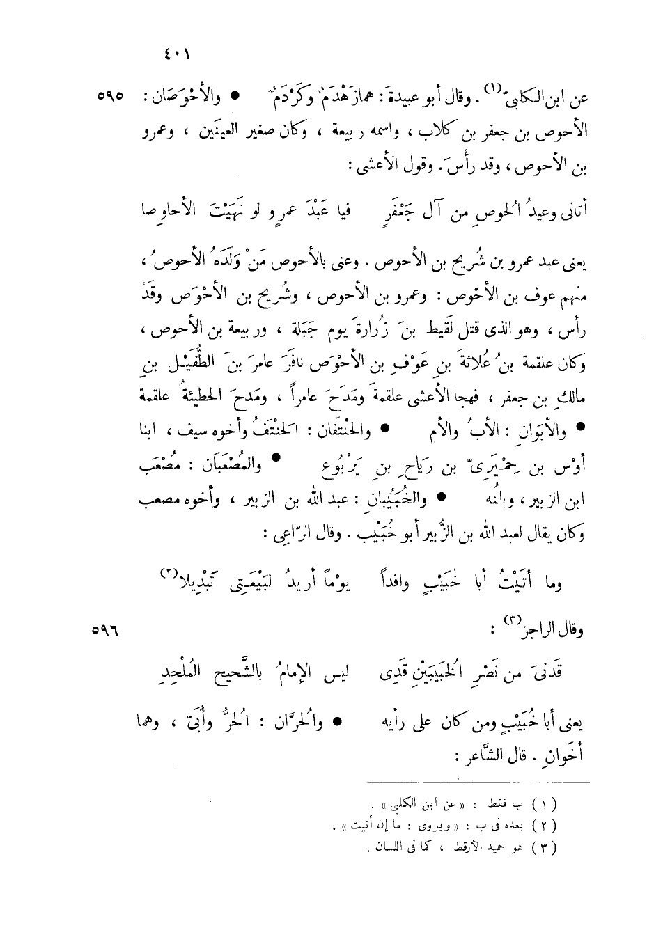 يعني عبد عمرو بن شريح بن الأحوص وعنى بالأحوص من ولده الأحوص منهم عوف بن الأحوص وعمرو بن الأحوص وشريح بن الأحوص وقد رأس وهو الذي قتل لقيط بن زرارة يوم جبلة وربيعة بن الأحوص وكان علقمة بن علاثة بن عوف بن الأحوص نافر عامر بن الطفيل بن مالك بن جعفر فهجا الأعشى علقمة ومدح عامرا ومدح الحطيئة علقمة والأبوان الأب والأم والحنتفان الحنتف وأخوه سيف ابنا أوس بن حميري بن رياح بن يربوع والمصعبان مصعب بن الزبير وابنه والخبيبان عبد الله بن الزبير وأخوه مصعب وكان يقال لعبد الله بن الزبير أبو خبيب وقال الراعي
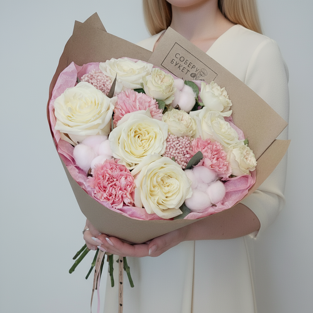 Представляем вашему вниманию эксклюзивный авторский букет из роскошных пионовидных роз, элегантной гвоздики и пушистого хлопка. Это настоящее произведение искусства, созданное нашими талантливыми флористами специально для вас! Такой подарок станет ярким акцентом любого праздника и подарит море положительных эмоций тому, кого вы цените и любите. Закажите у нас авторский букет прямо сейчас и порадуйте своих близких великолепным подарком!
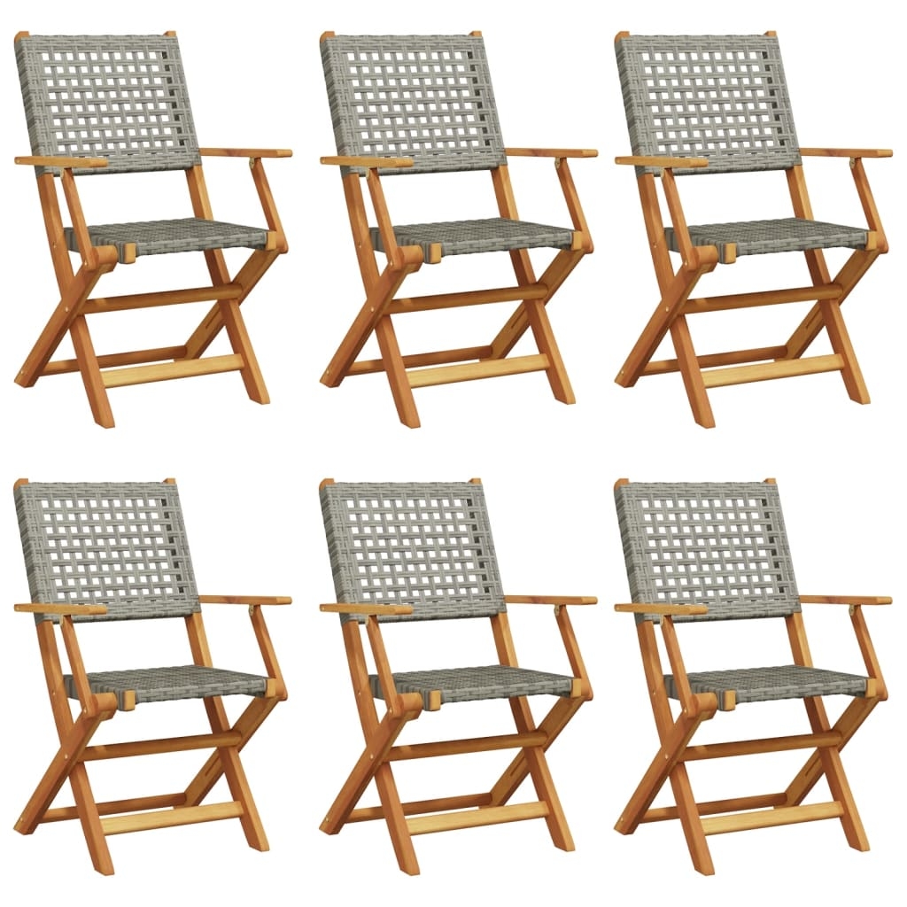 Entspanne dich und genieße die Natur auf diesen bequemen, klappbaren Gartenstühlen! Robust und stabil: Massives Akazienholz ist für seine Festigkeit und Haltbarkeit bekannt. Seine vielfältige Farbe und seine einzigartige Maserung verleihen ihm eine attraktive Optik. Dank seiner ausgezeichneten Stabilität und Witterungsbeständigkeit eignet es sich ideal für die Herstellung von Innen- und Außenmöbeln.Langlebiges Material: PE-Rattan, auch als Poly Rattan bekannt, ist ein robustes, pflegeleichtes synthetisches Material, das die Optik von natürlichem Rattan aufweist. Es kennzeichnet sich durch ein geringes Eigengewicht und lässt sich einfach reinigen. Aufgrund seiner Haltbarkeit und Witterungsbeständigkeit wird es häufig bei der Herstellung von Gartenmöbeln verwendet.Einfacher Transport und einfache Lagerung: Der Stuhl lässt sich bei Nichtgebrauch einfach zusammenklappen, um die Lagerung und den Transport zu erleichtern.Praktisches Design: Auf den praktischen Armlehnen aus Holz kannst du deine Arme bequem ausruhen, um deine Freizeit besser zu genießen.Vielseitig einsetzbar: Der Klappstuhl lässt sich vielseitig verwenden und findet Platz in jedem Outdoor-Bereich, sei es im Garten, auf der Terrasse oder auf dem Balkon. Gut zu wissen:Wir empfehlen dir, deine Gartenmöbel mit einer wasserdichten Hülle zu schützen, um lange Zeit eine ansprechende Optik aufzuweisen.
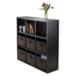 Winsome Wood Timothy 3×3 Black Storage Shelf with 6 Foldable Chocolate Fabric Baskets

About this exercise:
Return an exact transcription of the material, with its pictures left out.

Solution to the exercise:
 يعني عبد عمرو بن شريح بن الأحوص وعنى بالأحوص من ولده الأحوص منهم عوف بن الأحوص وعمرو بن الأحوص وشريح بن الأحوص وقد رأس وهو الذي قتل لقيط بن زرارة يوم جبلة وربيعة بن الأحوص وكان علقمة بن علاثة بن عوف بن الأحوص نافر عامر بن الطفيل بن مالك بن جعفر فهجا الأعشى علقمة ومدح عامرا ومدح الحطيئة علقمة والأبوان الأب والأم والحنتفان الحنتف وأخوه سيف ابنا أوس بن حميري بن رياح بن يربوع والمصعبان مصعب بن الزبير وابنه والخبيبان عبد الله بن الزبير وأخوه مصعب وكان يقال لعبد الله بن الزبير أبو خبيب وقال الراعي
 Представляем вашему вниманию эксклюзивный авторский букет из роскошных пионовидных роз, элегантной гвоздики и пушистого хлопка. Это настоящее произведение искусства, созданное нашими талантливыми флористами специально для вас! Такой подарок станет ярким акцентом любого праздника и подарит море положительных эмоций тому, кого вы цените и любите. Закажите у нас авторский букет прямо сейчас и порадуйте своих близких великолепным подарком!
 Entspanne dich und genieße die Natur auf diesen bequemen, klappbaren Gartenstühlen! Robust und stabil: Massives Akazienholz ist für seine Festigkeit und Haltbarkeit bekannt. Seine vielfältige Farbe und seine einzigartige Maserung verleihen ihm eine attraktive Optik. Dank seiner ausgezeichneten Stabilität und Witterungsbeständigkeit eignet es sich ideal für die Herstellung von Innen- und Außenmöbeln.Langlebiges Material: PE-Rattan, auch als Poly Rattan bekannt, ist ein robustes, pflegeleichtes synthetisches Material, das die Optik von natürlichem Rattan aufweist. Es kennzeichnet sich durch ein geringes Eigengewicht und lässt sich einfach reinigen. Aufgrund seiner Haltbarkeit und Witterungsbeständigkeit wird es häufig bei der Herstellung von Gartenmöbeln verwendet.Einfacher Transport und einfache Lagerung: Der Stuhl lässt sich bei Nichtgebrauch einfach zusammenklappen, um die Lagerung und den Transport zu erleichtern.Praktisches Design: Auf den praktischen Armlehnen aus Holz kannst du deine Arme bequem ausruhen, um deine Freizeit besser zu genießen.Vielseitig einsetzbar: Der Klappstuhl lässt sich vielseitig verwenden und findet Platz in jedem Outdoor-Bereich, sei es im Garten, auf der Terrasse oder auf dem Balkon. Gut zu wissen:Wir empfehlen dir, deine Gartenmöbel mit einer wasserdichten Hülle zu schützen, um lange Zeit eine ansprechende Optik aufzuweisen.
 Winsome Wood Timothy 3×3 Black Storage Shelf with 6 Foldable Chocolate Fabric Baskets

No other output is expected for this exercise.